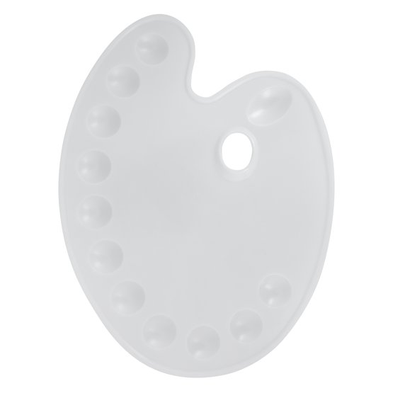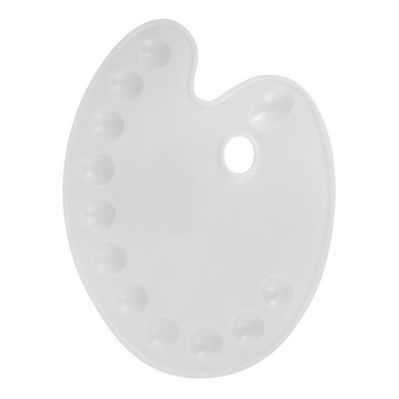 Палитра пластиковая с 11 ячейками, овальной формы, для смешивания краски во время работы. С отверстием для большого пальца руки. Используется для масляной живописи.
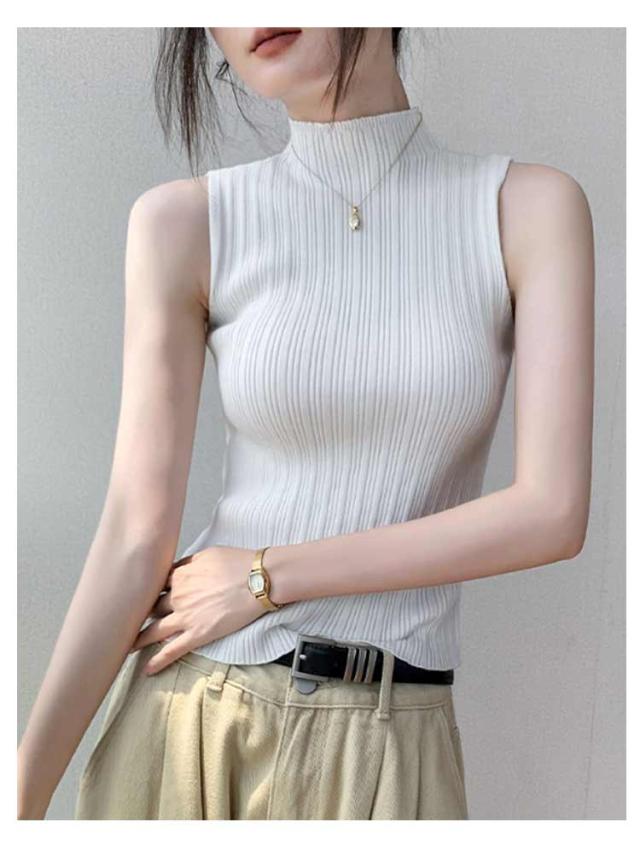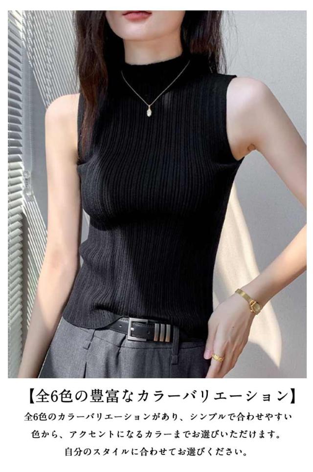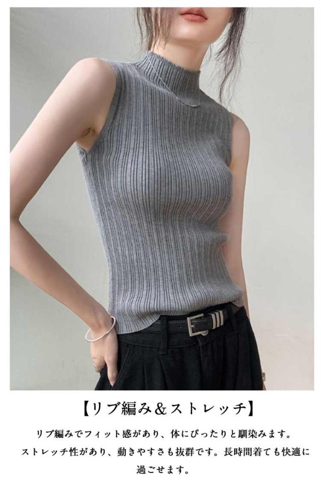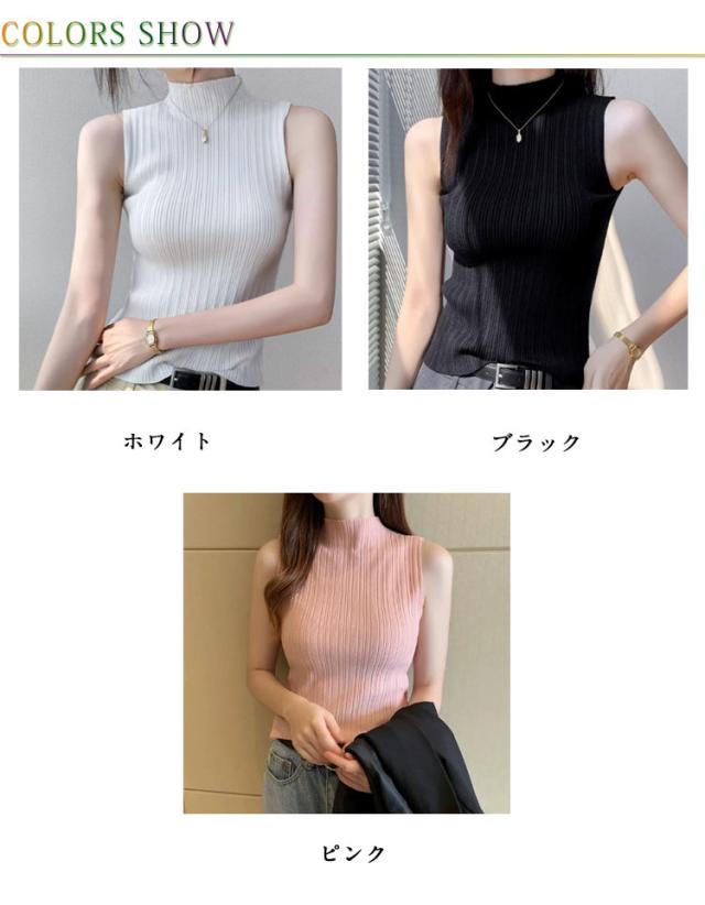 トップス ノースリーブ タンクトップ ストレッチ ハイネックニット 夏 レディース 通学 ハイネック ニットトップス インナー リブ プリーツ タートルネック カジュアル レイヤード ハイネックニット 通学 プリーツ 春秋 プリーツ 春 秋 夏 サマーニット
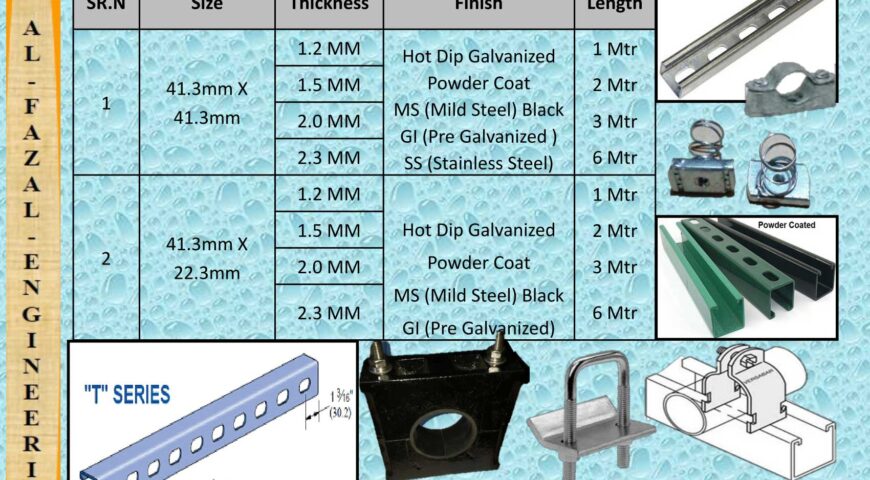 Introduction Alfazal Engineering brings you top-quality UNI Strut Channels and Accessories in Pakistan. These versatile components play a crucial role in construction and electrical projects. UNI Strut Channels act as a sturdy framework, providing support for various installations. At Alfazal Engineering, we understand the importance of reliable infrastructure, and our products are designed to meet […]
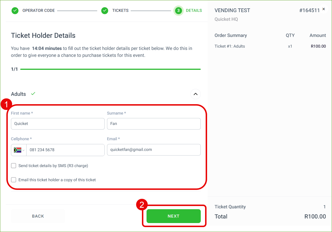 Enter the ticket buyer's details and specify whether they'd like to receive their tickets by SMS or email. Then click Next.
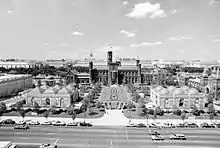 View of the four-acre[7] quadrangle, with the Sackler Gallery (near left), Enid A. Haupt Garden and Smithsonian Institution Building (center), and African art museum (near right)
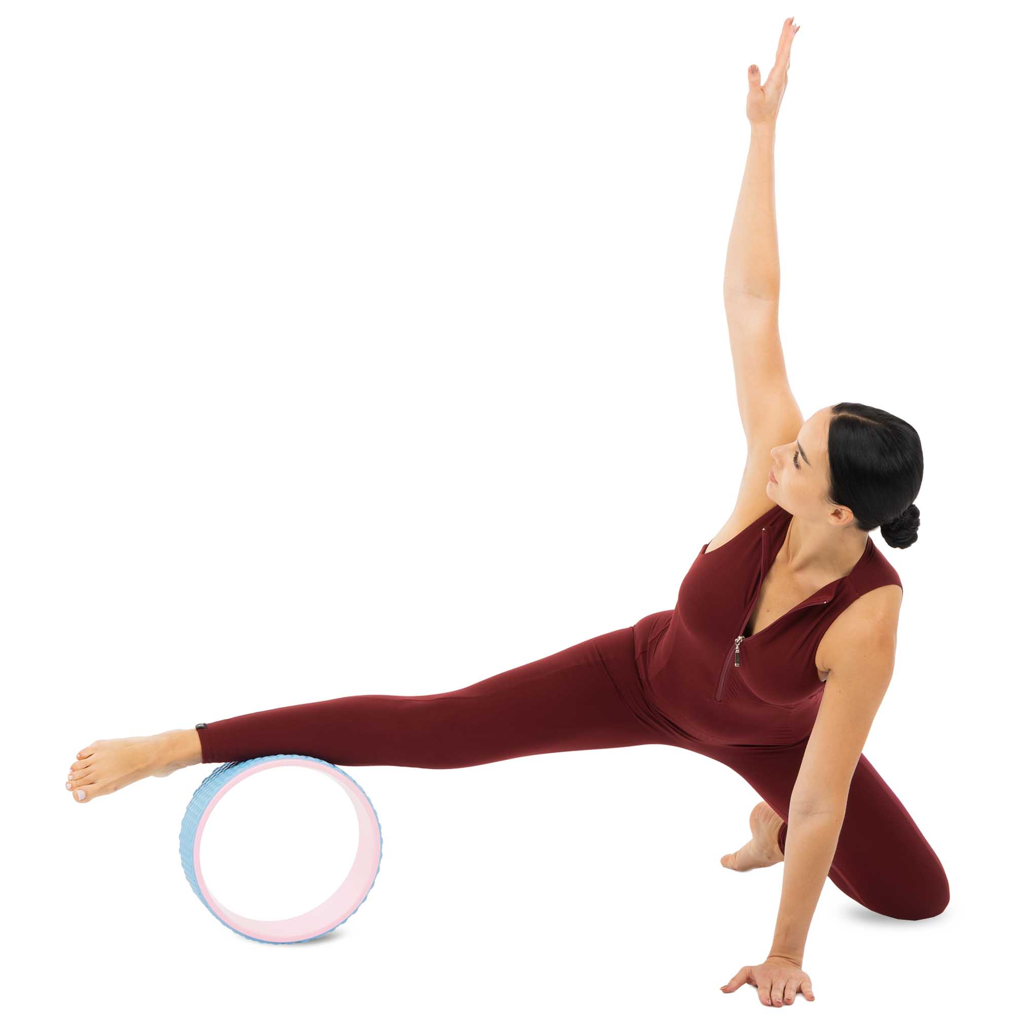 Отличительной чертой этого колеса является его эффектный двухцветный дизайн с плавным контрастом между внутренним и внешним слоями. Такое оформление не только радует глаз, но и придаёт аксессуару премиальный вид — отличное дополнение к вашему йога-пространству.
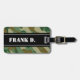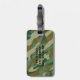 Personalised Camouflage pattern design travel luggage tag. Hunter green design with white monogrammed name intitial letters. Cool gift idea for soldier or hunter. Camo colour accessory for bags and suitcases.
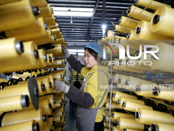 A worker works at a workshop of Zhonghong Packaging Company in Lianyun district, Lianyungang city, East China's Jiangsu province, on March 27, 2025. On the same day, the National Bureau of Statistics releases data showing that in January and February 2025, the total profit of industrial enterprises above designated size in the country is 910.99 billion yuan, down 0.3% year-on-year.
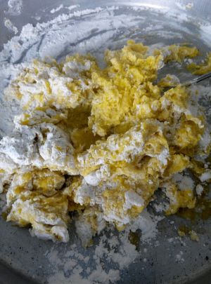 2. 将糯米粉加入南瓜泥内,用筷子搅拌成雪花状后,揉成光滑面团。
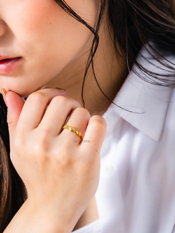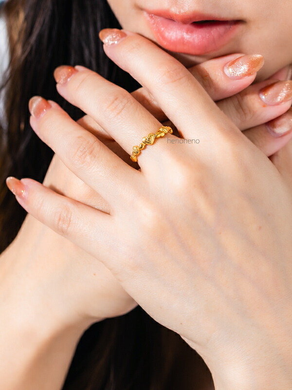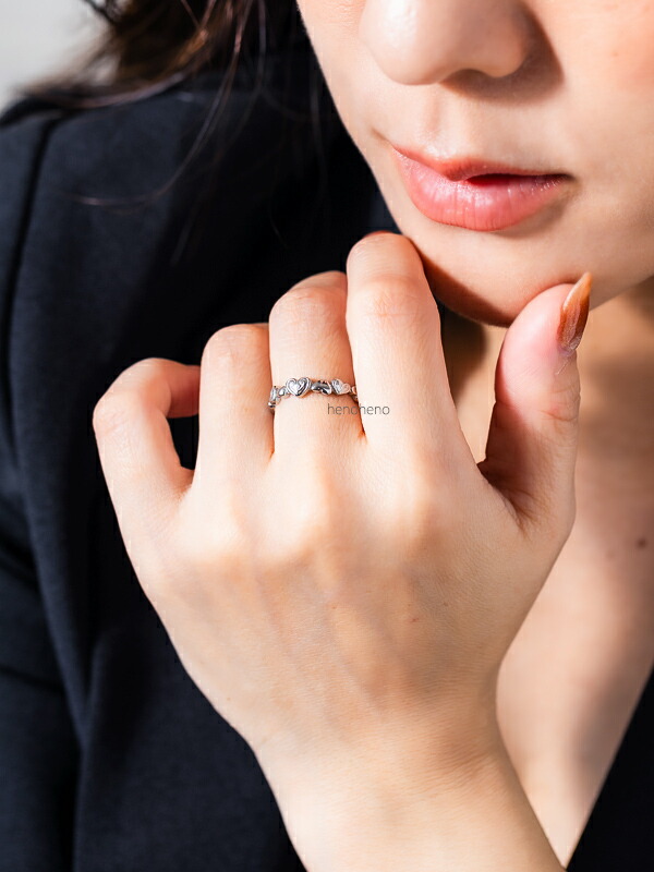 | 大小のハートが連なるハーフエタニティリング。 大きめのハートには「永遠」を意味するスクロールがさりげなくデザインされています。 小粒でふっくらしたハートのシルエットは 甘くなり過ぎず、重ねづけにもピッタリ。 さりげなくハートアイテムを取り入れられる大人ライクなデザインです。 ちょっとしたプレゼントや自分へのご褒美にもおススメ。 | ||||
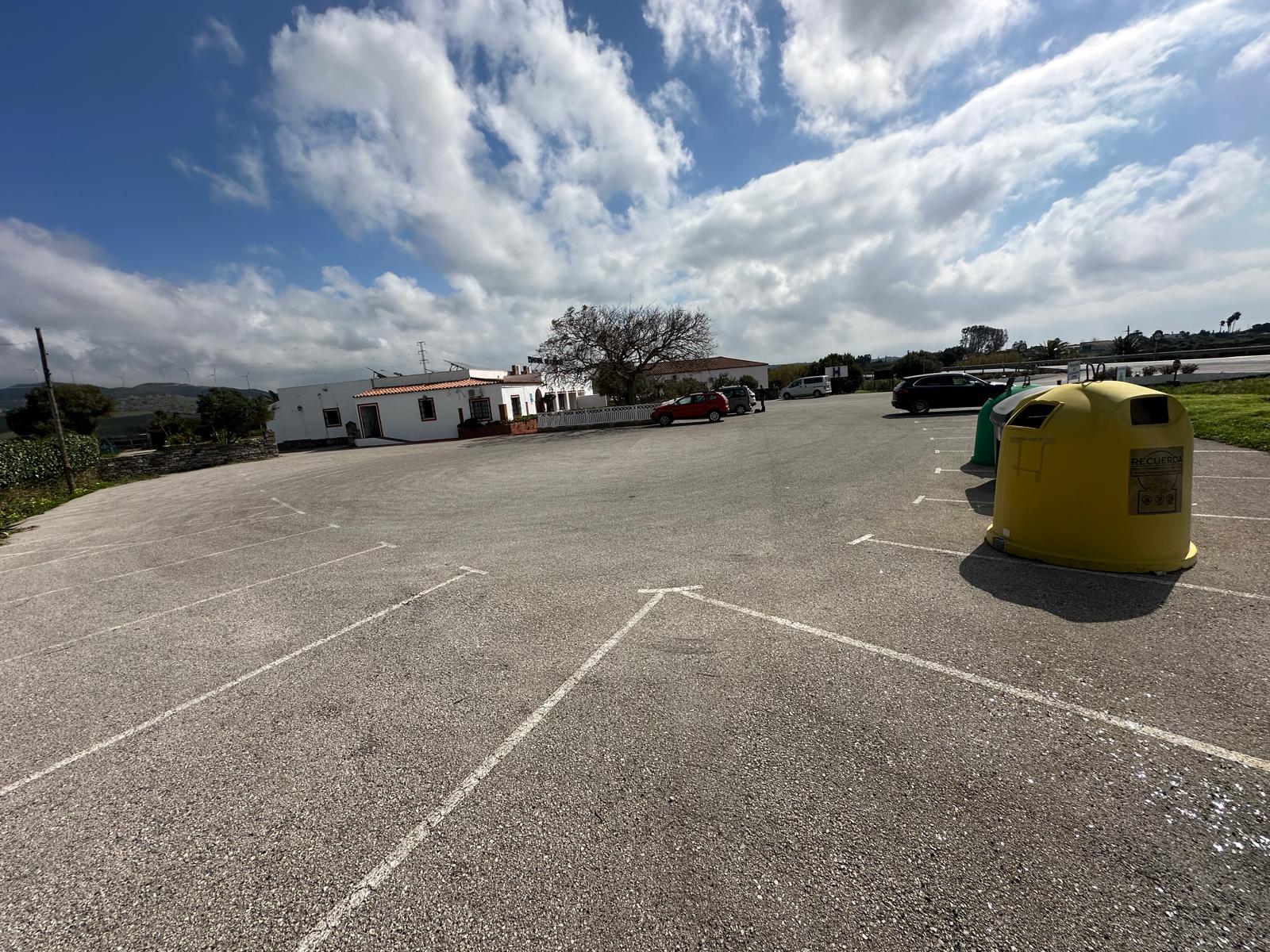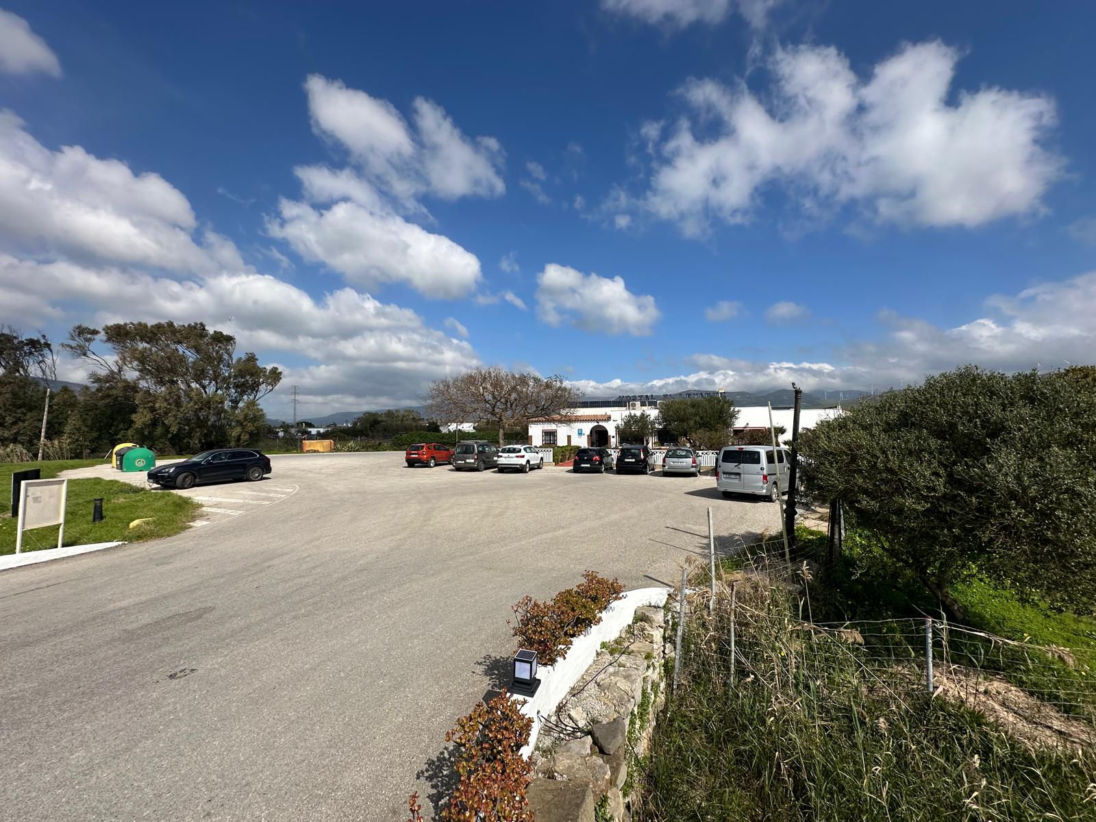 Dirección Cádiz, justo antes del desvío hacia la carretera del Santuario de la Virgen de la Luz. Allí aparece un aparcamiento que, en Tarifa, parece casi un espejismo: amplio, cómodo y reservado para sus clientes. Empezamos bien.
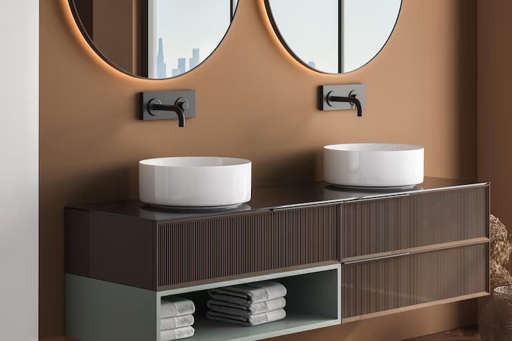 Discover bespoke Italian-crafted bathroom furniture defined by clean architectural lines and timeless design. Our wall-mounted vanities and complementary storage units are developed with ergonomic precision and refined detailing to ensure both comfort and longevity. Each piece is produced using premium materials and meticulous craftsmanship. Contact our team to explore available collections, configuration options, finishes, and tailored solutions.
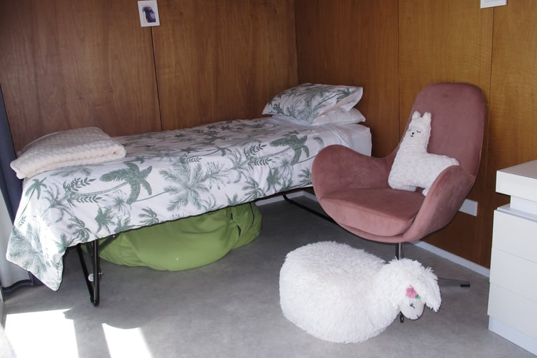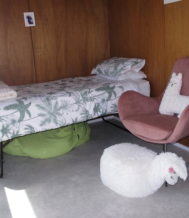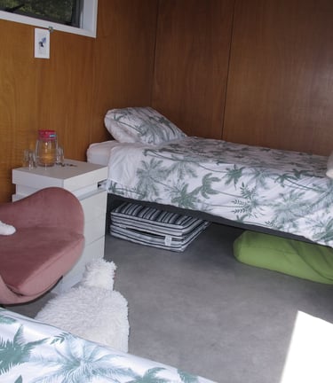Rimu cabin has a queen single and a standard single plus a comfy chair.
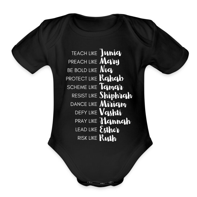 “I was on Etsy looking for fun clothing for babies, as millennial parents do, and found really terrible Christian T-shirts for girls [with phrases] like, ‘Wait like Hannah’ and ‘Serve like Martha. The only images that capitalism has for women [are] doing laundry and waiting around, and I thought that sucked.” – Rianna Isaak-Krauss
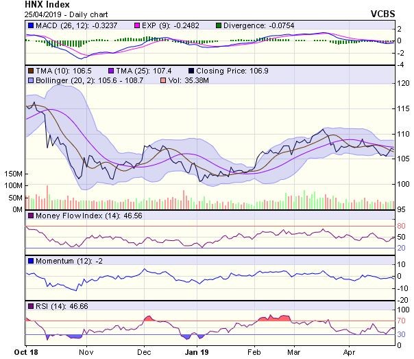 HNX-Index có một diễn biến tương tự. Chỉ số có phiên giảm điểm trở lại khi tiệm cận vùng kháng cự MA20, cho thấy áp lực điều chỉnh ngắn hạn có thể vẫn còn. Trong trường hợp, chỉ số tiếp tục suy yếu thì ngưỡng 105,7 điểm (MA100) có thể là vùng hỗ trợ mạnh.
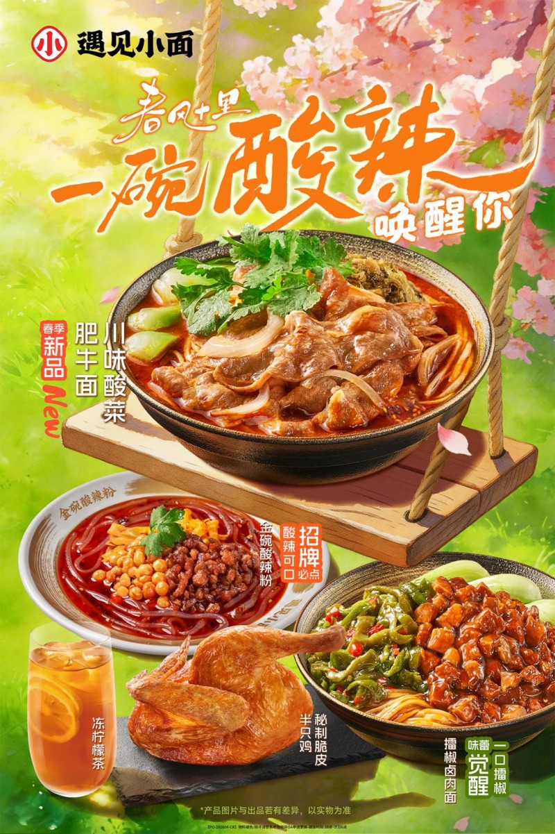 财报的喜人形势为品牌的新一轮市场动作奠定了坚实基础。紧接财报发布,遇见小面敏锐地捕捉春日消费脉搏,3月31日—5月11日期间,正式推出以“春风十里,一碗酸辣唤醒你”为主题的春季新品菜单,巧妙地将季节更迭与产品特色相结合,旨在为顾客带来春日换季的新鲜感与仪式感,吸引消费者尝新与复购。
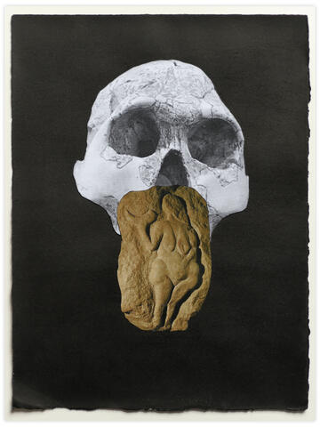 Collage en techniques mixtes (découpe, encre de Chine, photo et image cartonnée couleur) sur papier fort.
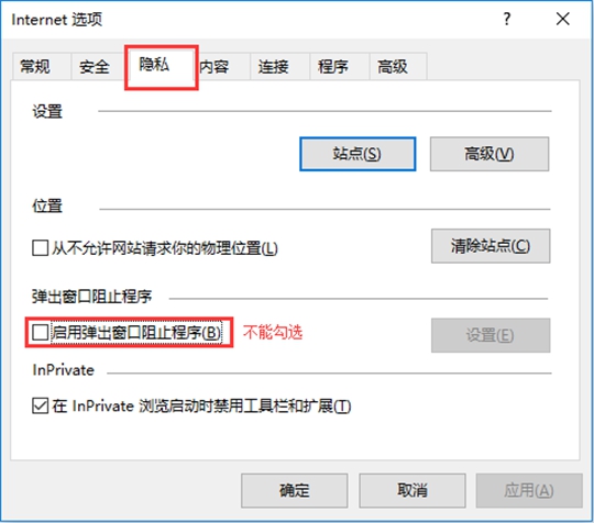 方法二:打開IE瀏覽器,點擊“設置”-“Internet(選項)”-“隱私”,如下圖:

■ ■ ■ ■ ■

__What is required__.
The lines wanted are those from the start of the material above through the line with "View of the", both included; print them exactly and skip any picture.

__Answer area__.
 Палитра пластиковая с 11 ячейками, овальной формы, для смешивания краски во время работы. С отверстием для большого пальца руки. Используется для масляной живописи.
 トップス ノースリーブ タンクトップ ストレッチ ハイネックニット 夏 レディース 通学 ハイネック ニットトップス インナー リブ プリーツ タートルネック カジュアル レイヤード ハイネックニット 通学 プリーツ 春秋 プリーツ 春 秋 夏 サマーニット
 Introduction Alfazal Engineering brings you top-quality UNI Strut Channels and Accessories in Pakistan. These versatile components play a crucial role in construction and electrical projects. UNI Strut Channels act as a sturdy framework, providing support for various installations. At Alfazal Engineering, we understand the importance of reliable infrastructure, and our products are designed to meet […]
 Enter the ticket buyer's details and specify whether they'd like to receive their tickets by SMS or email. Then click Next.
 View of the four-acre[7] quadrangle, with the Sackler Gallery (near left), Enid A. Haupt Garden and Smithsonian Institution Building (center), and African art museum (near right)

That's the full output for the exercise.